Start of PROVIDED MATERIAL

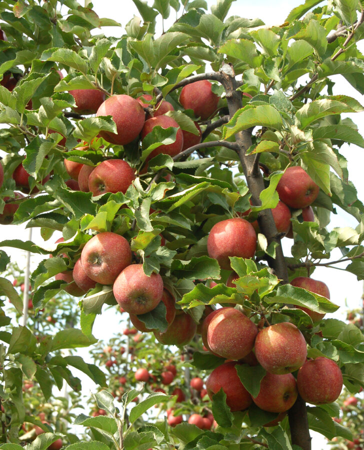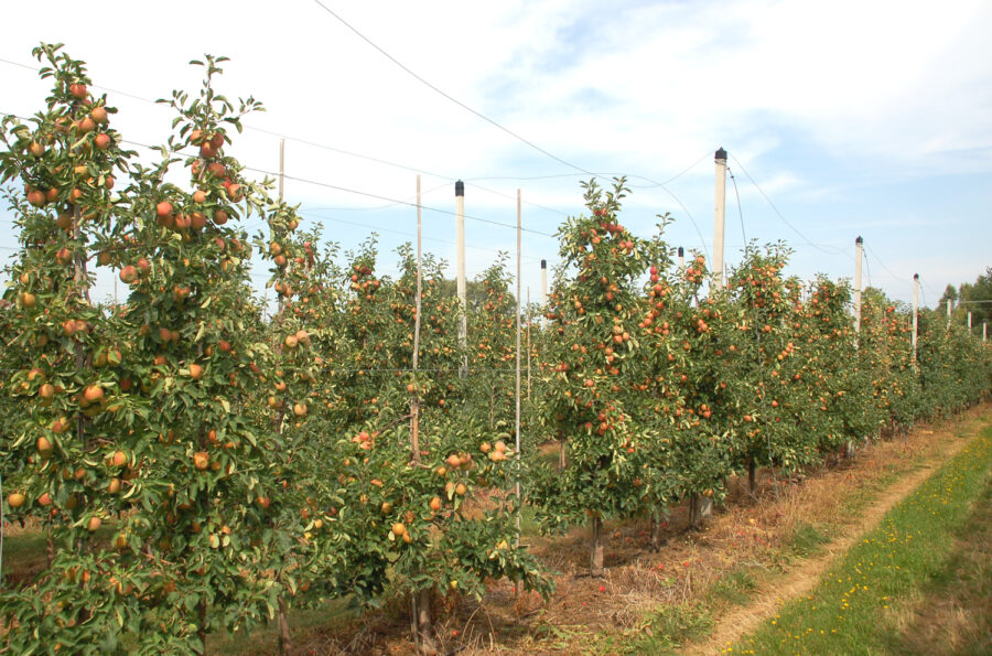 Trudno wręcz uwierzyć, że nawet niewielkie gałązki są w stanie utrzymać po kilkanaście ogromnych, czerwonych jabłek deserowego gatunku Red Prince. Największe z nich ważą nawet po 30 i więcej dag. Wiszą w ogromnych skupieniach, apetyczne, fotogeniczne, czekające na zbliżający się czas ich zrywania. Tutaj wyłącznie ręcznego, sztuka po sztuce. To nie są jabłka przemysłowe. Mimo iż część z nich przeznaczona zostanie na sok. Ale do przerobu muszą trafić bez najmniejszych obić, które są czymś oczywistym, gdy jabłka zrywa się z drzew powodując ich spadanie owoców na płachty rozłożone na ziemi.
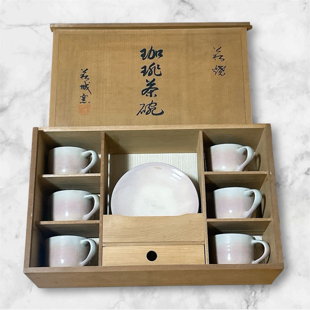 - 【萩焼】萩城陶 コーヒーカップ 6客セット 木箱入り 萩焼き カップ ソーサー 珈琲茶碗 YU
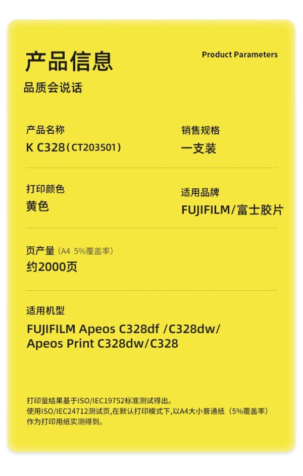 商品名称:科思特(KST) C328专业版 2000页 适用FUJIFILM Apeos Print C328dw/C328 粉盒 黄色 (计价单位:支)
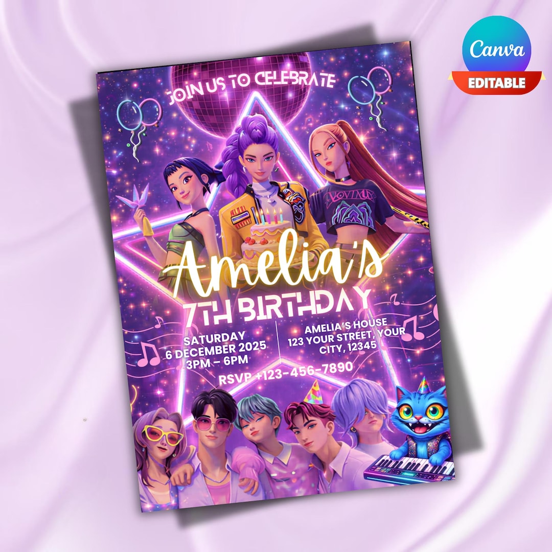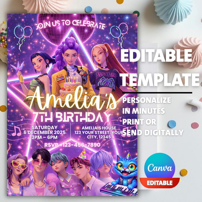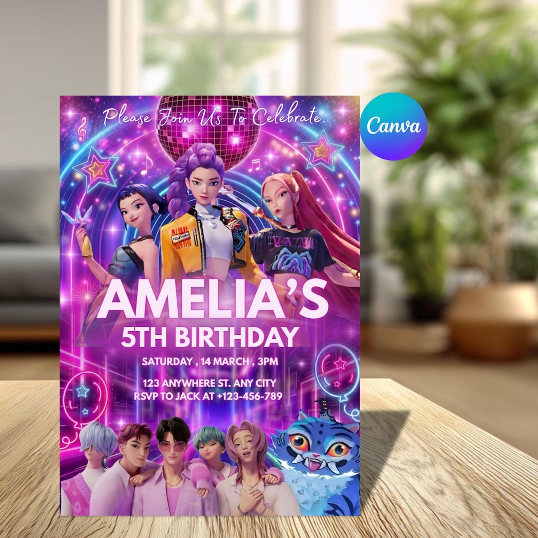 Kpop Demon Hunters Birthday Invitation Template | Editable Canva ...
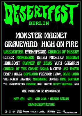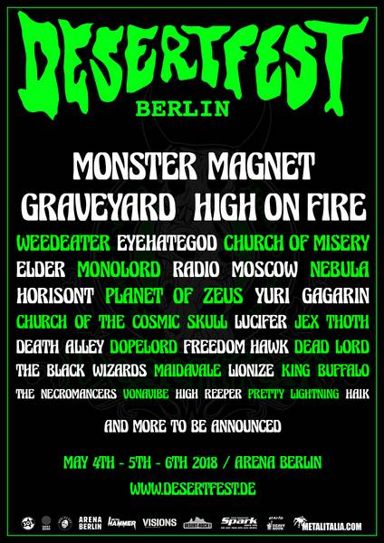 Mit Headliner Monster Magnet am Freitag hat man gleich eine erfahrene Band am Start, die diesen Sound maßgeblich mitgeprägt hat und auf die sich einfach jeder wird einigen können. Die Band hat zudem ein neues, wieder etwas drückenderes Album am Start und wird ihr Set mit den unverzichtbaren Space Rock-Hymnen aufwerten. Die doomigen Japaner Church of Misery, die psychedelisch im Kielwasser von alten Sabbath fahren sowie die schwer verdaulichen Weedeater (Name ist Programm) sind weitere Highlights an diesem Eröffnungstag. Die jamlastigen, obskuren Niederländer Death Alley -ebenfalls mit neuem Album- haben schon als Vorband von Kadavar zuletzt eine fantastische Visitenkarte abgeliefert. Auch auf diese Band sollte man achten. Nebula (USA) und Monolord (Swe) sind dann eher was für reine Stoner-Freaks, die sich einfach gern in Riffkaskaden suhlen.
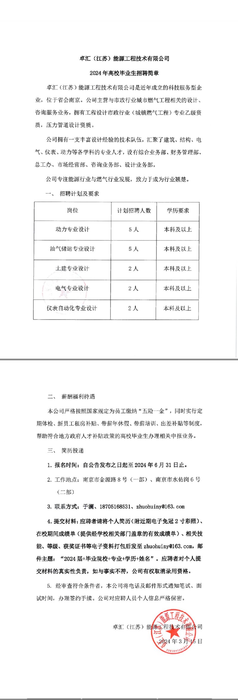 招聘[2024088]卓汇(江苏)能源工程技术有限公司2024校园招聘简章
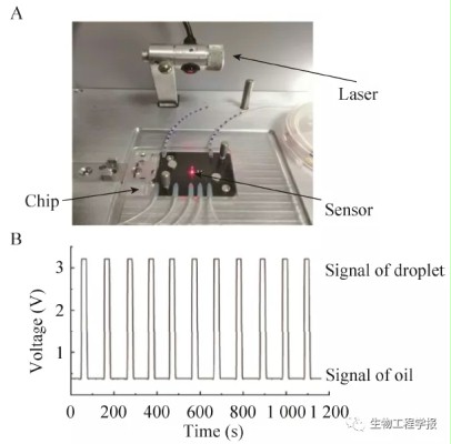 图8 液滴识别系统 (A:装置实物图;B:液滴和油相的电压信号值)
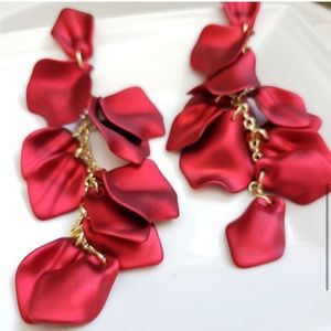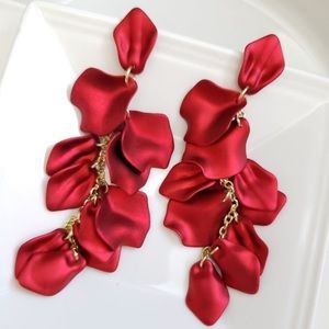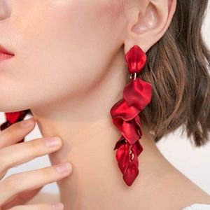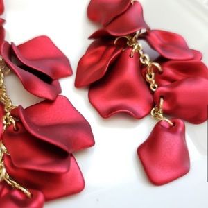 Floral Elegant long red rose petals tassel drop dangle bohemian Statement Earrings
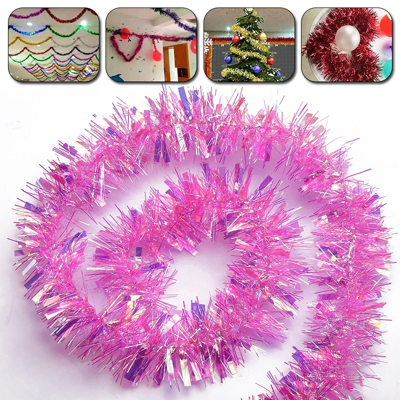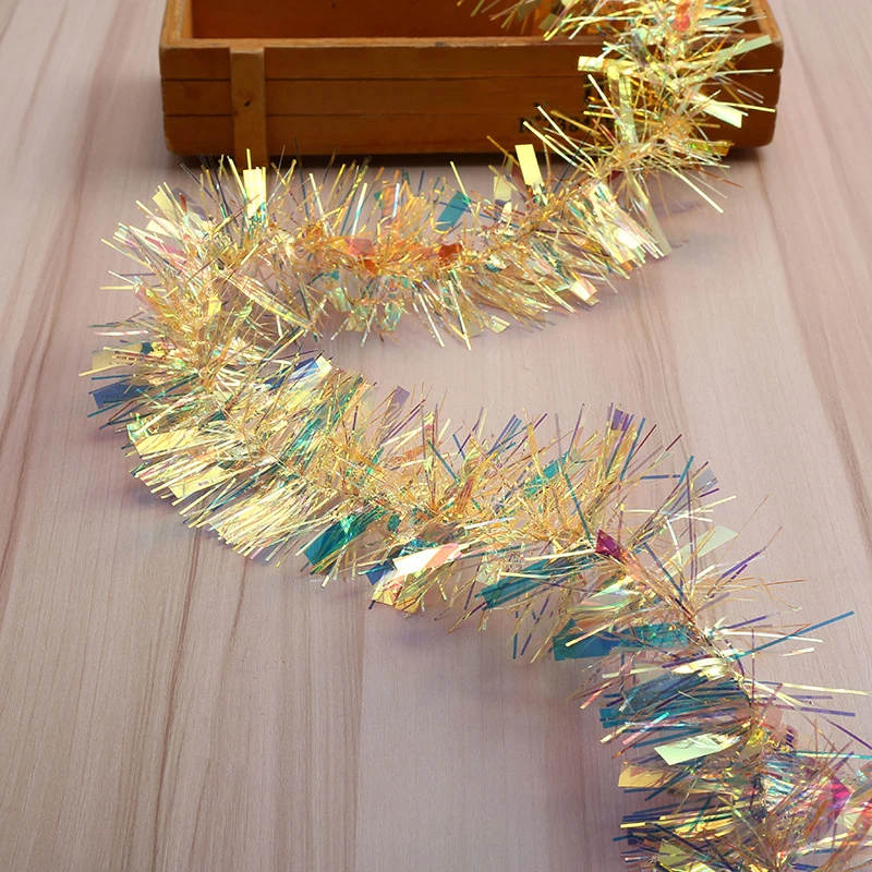 2 м Золотая Серебряная проволока мишура-гирлянда, висячая ротанговая Рождественская елка, украшение, Рождественская свадьба, день рождения, разноцветная лента
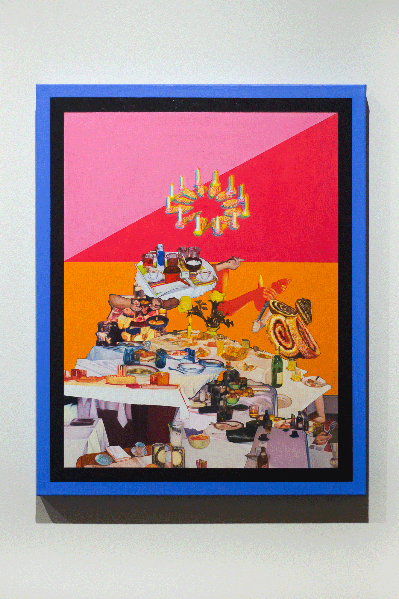 Alena’s work examines utopia, nation-building, and the archive within the expanded field of painting. Drawing from print media, cinema, design history, surrealism, and folklore, she creates dreamlike compositions that explore the tension between imagined futures and lived realities. Her practice reflects on post-communist perception and the politics of memory, evoking parallel universes where flatness and representation blur.
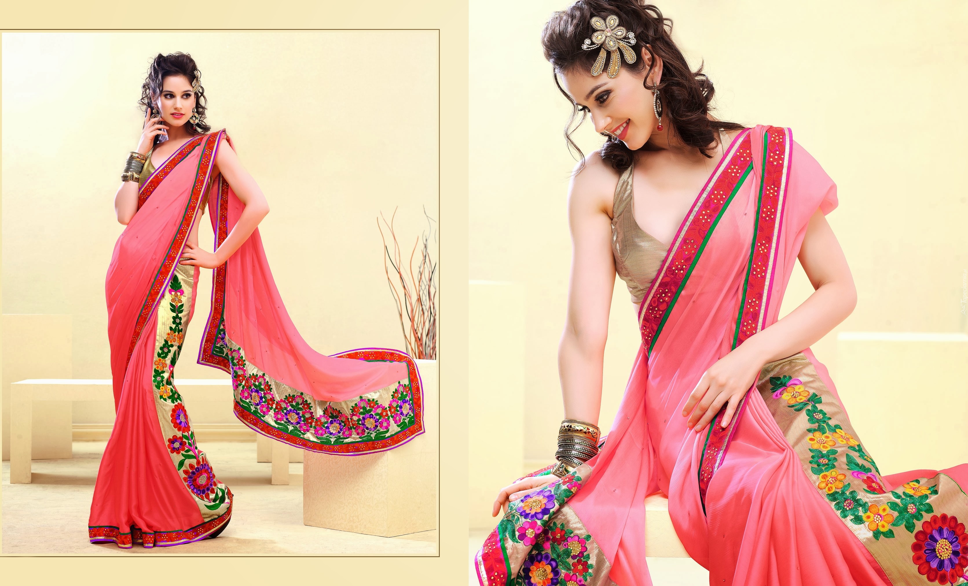 Edytor tapety: Kobieta, Strój, Sari, Biżuteria, Makijaż
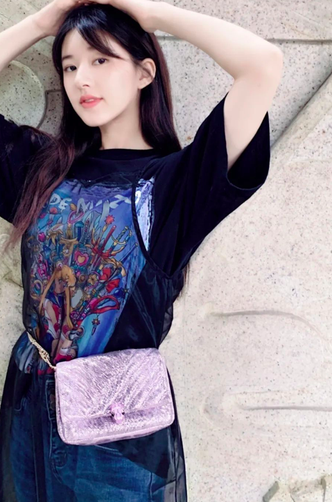 纯白色蕾丝连体裤温柔又有质感。利用腰带提升腰线的连体卷边短裤,性感中又不失率性。一字肩的设计,在“7哥”美貌的加持下,更加妩媚可人。七夕约会斩男必备。
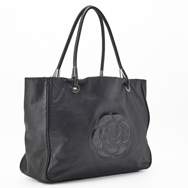 Gebrauchte große Tragetasche Camellia Line Lammleder Schwarz Silberfarbene Hardware Gebraucht
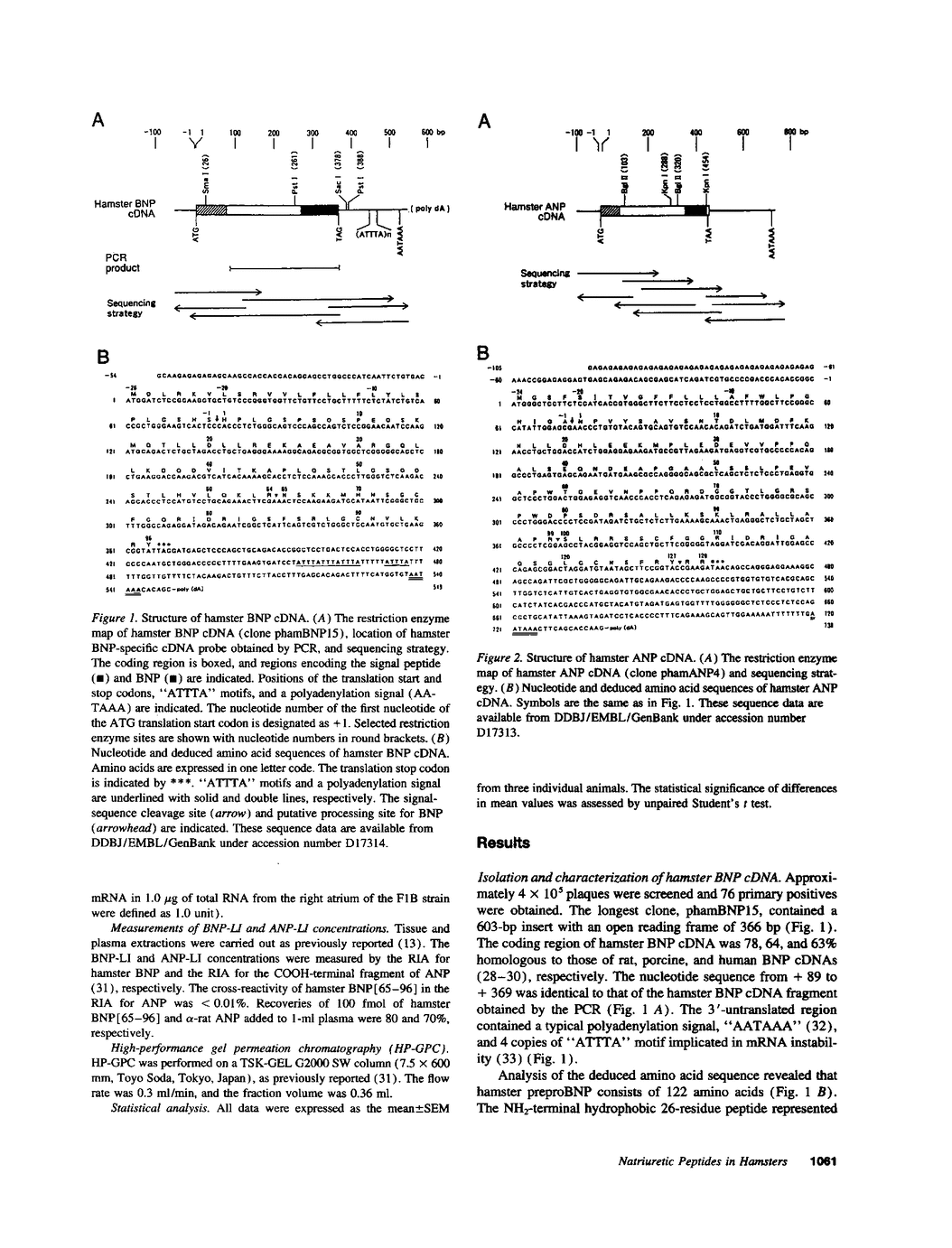 Brain and atrial natriuretic peptides (BNP and ANP) are cardiac hormones with diuretic, natriuretic, and vasodilatory activities. Cardiomyopathic hamsters are widely used animal models of heart failure. Due to the structural divergence of BNP among species, examination on pathophysiological roles of BNP using cardiomyopathic hamsters is so far impossible. We therefore isolated hamster BNP and ANP cDNAs, and investigated synthesis and secretion of these peptides in normal and cardiomyopathic hamsters. The COOH-terminal 32-residue peptide of cloned hamster preproBNP with 122 amino acids, preceded by a single arginine residue, supposedly represents hamster BNP showing < 50% homology to rat BNP. Alpha-hamster ANP, 28-residue peptide, is identical to alpha-rat ANP. In hamsters, BNP and ANP occur mainly in the ventricle and the atrium, respectively. The 32-wk-old hypertrophic cardiomyopathic BIO14.6 strain exhibited ventricular hypertrophy. The 32-wk-old dilated cardiomyopathic BIO53.58 strain remained at the stage without apparent heart failure. In BIO14.6 and BIO53.58 strains at this age, ventricular BNP and ANP gene expressions are augmented, and the plasma BNP concentration is elevated to 136 and 108 fmol/ml, respectively, three times greater than the elevated plasma ANP concentration, which well mimics changes of the plasma BNP and ANP concentrations in human heart failure. Cardiomyopathic hamsters, therefore, are useful models to investigate the implication of BNP in human cardiovascular diseases.

End of PROVIDED MATERIAL

* [DIRECTIONS FOR THIS TASK]:
The lines above from the line with "2 м Золотая" through the line with "Gebrauchte große Tragetasche" are to be given again word for word, with no pictures among them.

* [EXERCISE RESPONSE]:
 2 м Золотая Серебряная проволока мишура-гирлянда, висячая ротанговая Рождественская елка, украшение, Рождественская свадьба, день рождения, разноцветная лента
 Alena’s work examines utopia, nation-building, and the archive within the expanded field of painting. Drawing from print media, cinema, design history, surrealism, and folklore, she creates dreamlike compositions that explore the tension between imagined futures and lived realities. Her practice reflects on post-communist perception and the politics of memory, evoking parallel universes where flatness and representation blur.
 Edytor tapety: Kobieta, Strój, Sari, Biżuteria, Makijaż
 纯白色蕾丝连体裤温柔又有质感。利用腰带提升腰线的连体卷边短裤,性感中又不失率性。一字肩的设计,在“7哥”美貌的加持下,更加妩媚可人。七夕约会斩男必备。
 Gebrauchte große Tragetasche Camellia Line Lammleder Schwarz Silberfarbene Hardware Gebraucht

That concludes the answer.